There have been real concerns about whether this country
is enforcing its trade laws. There are all kinds of
indications of currency manipulations in the Far East,
says Healey.
It gets complicated, he says, but the issue here is
we are competing but we don't have a Department of
Commerce that is really enforcing its own trade regulations.
Referring
to comments by Rep. Asselin D-Springfield to
MassNews that there are no more manufacturing
jobs coming in, Healey tells MassNews that Springfield
and the whole western Mass. area had a lot of
mold makers.
Three out of four molds are now imported, says
Healey. "We give incentives for American
companies to go offshore. It's cheaper for them."
For all intents and purposes, China can sell
to us with no trade barriers but for us to sell
to them to them we have a 17.5 percent duty,
says Healey.
"Much of the problems we have are on the
micro level, but on the macro level, the government
has to take a firmer hand," he says. |
|
 |
| Rep.
Christopher Asselin (D-Springfield) says there
are no more manufacturing jobs coming in and
we must allow gambling. |
So, the national government
has to do something about the dollar, currency manipulations
and has to start enforcing our trade laws, says Healey.

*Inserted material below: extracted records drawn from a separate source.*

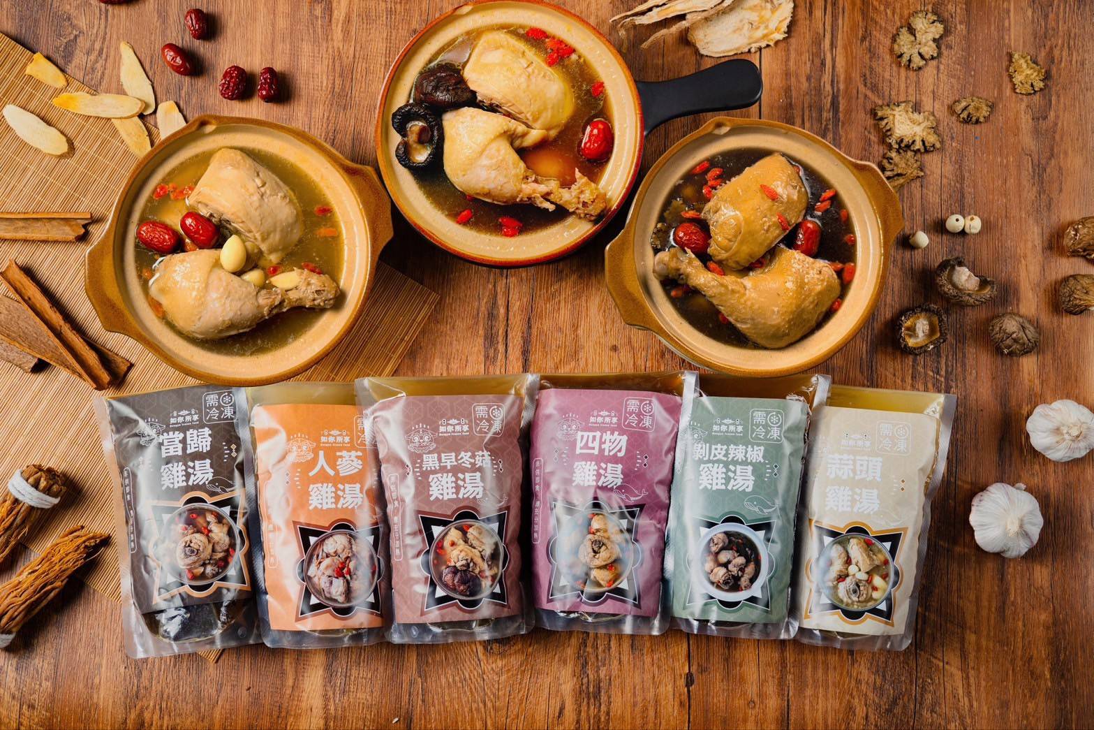四物雞湯/黑早冬菇雞湯/人蔘雞湯/蒜頭雞湯/當歸雞湯/剥皮辣椒雞湯
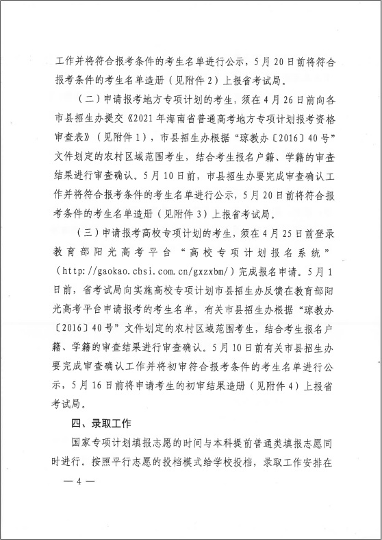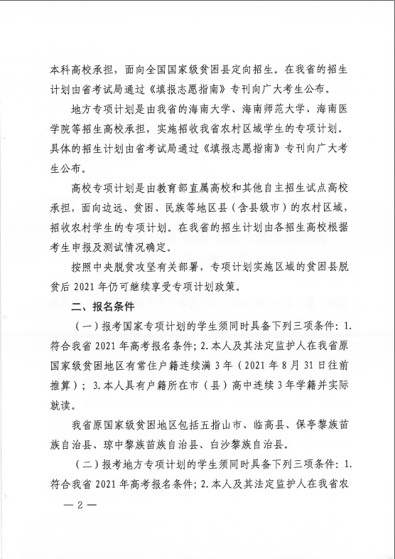 本文标题:2021年海南重点高校在琼实施专项计划工作安排
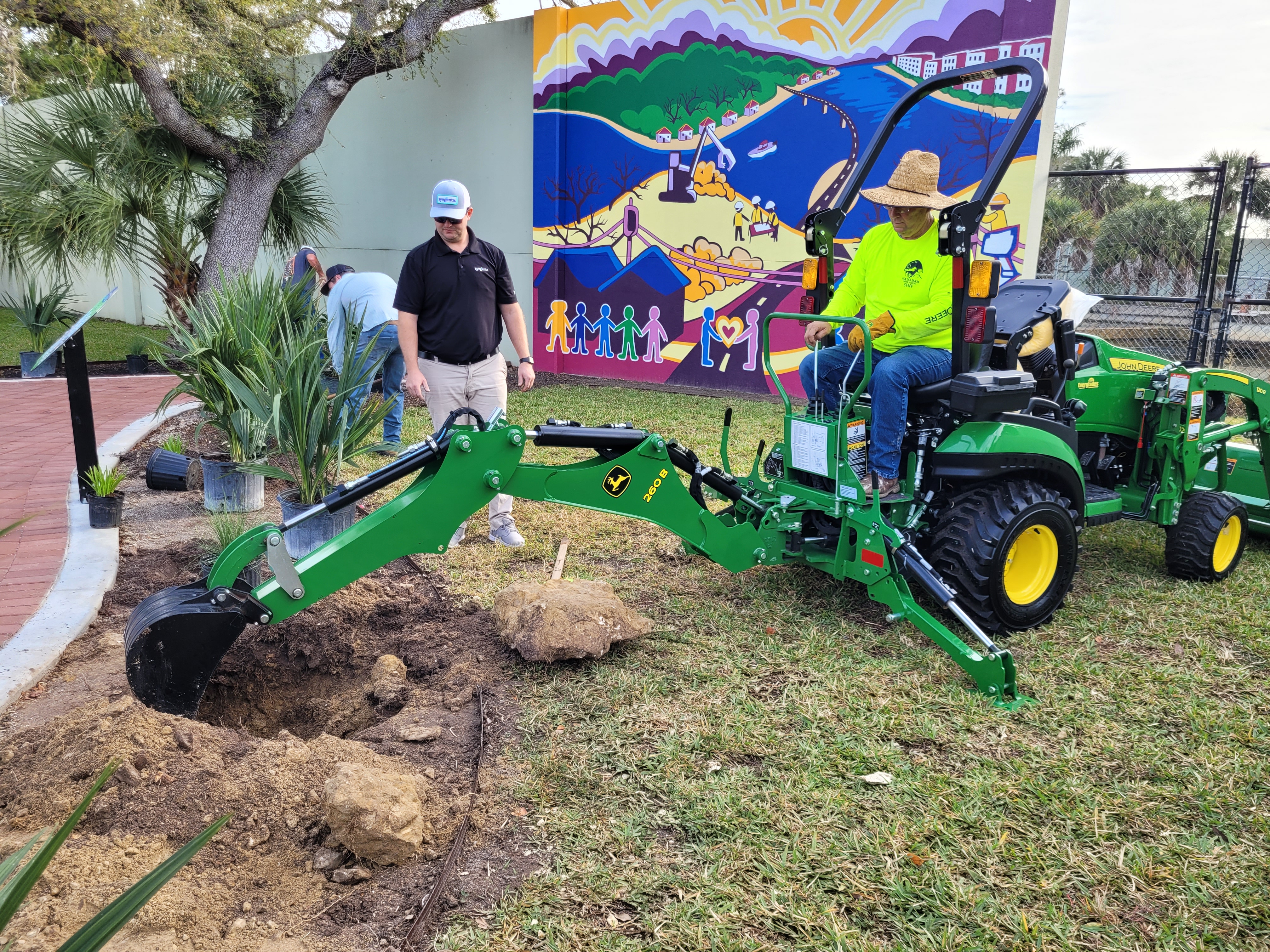 Many thanks to Royal Palm President Jordan Zoellner for helping to organize people and plants in time for the opening ceremony later that morning. He was joined by fellow Everglades Equipment staffer Jackson Sherer as they took turns operating a backhoe that was a life-saver in this former gravel pit.
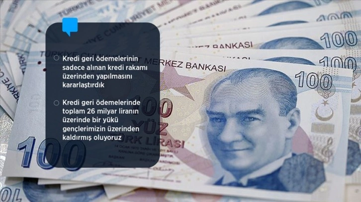 "Aldığımız bu kararla kredi geri ödemelerinde toplam 26 milyar liranın üzerinde bir yükü gençlerimizin üzerinden kaldırmış oluyoruz.

Countries are also selling below cost and dumping
products on the U.S. market, says Healey. The government
did do something about steel dumping by putting on
tariffs, he says, but only because it was a big issue
and the president wanted both Pennsylvania and Ohio
in the election.
Sidebar:
Made In Massachusetts
Massachusetts
makes a wide range of products including electronics,
pharmaceuticals, golf balls, plastics, razor blades,
textiles, telecommunications hardware, missiles, industrial
machinery, precision measuring tools, chemicals, medical
instruments and paper.
Manufacturing brings new money into the state and
generates new, supporting jobs. It represents half
of our "base" economy jobs. Base economy
jobs are those which produce growth through exports.
According to Mass Insight's "Made in Massachusetts"
report, manufacturing is divided into three categories:
High-Tech includes aerospace, ships, computer hardware,
telecommunications, semiconductors, medical instruments,
other instruments.
Traditional Durable includes machinery, fabricated
metal and other traditional Durables.
Non-Durable includes chemicals, plastics and others.
Using Mass. Taxpayers Foundation data, the report
says that in Greater Boston, non-manufacturing jobs
represent 60% of the base economy with management
consulting, software, private universities and financial
services.
Outer Massachusetts beyond I-495 has a dominant manufacturing
sector, with 31% of base economy employment in Traditional
Durable, 25% in non-durable, 17% in high-tech manufacturing.
The Cape and Islands have very little manufacturing.
The Central and Connecticut Valley regions have a
lot of traditional manufacturing, especially in durables,
and the small Berkshire region has a disproportionately
large share of non-durable manufacturing.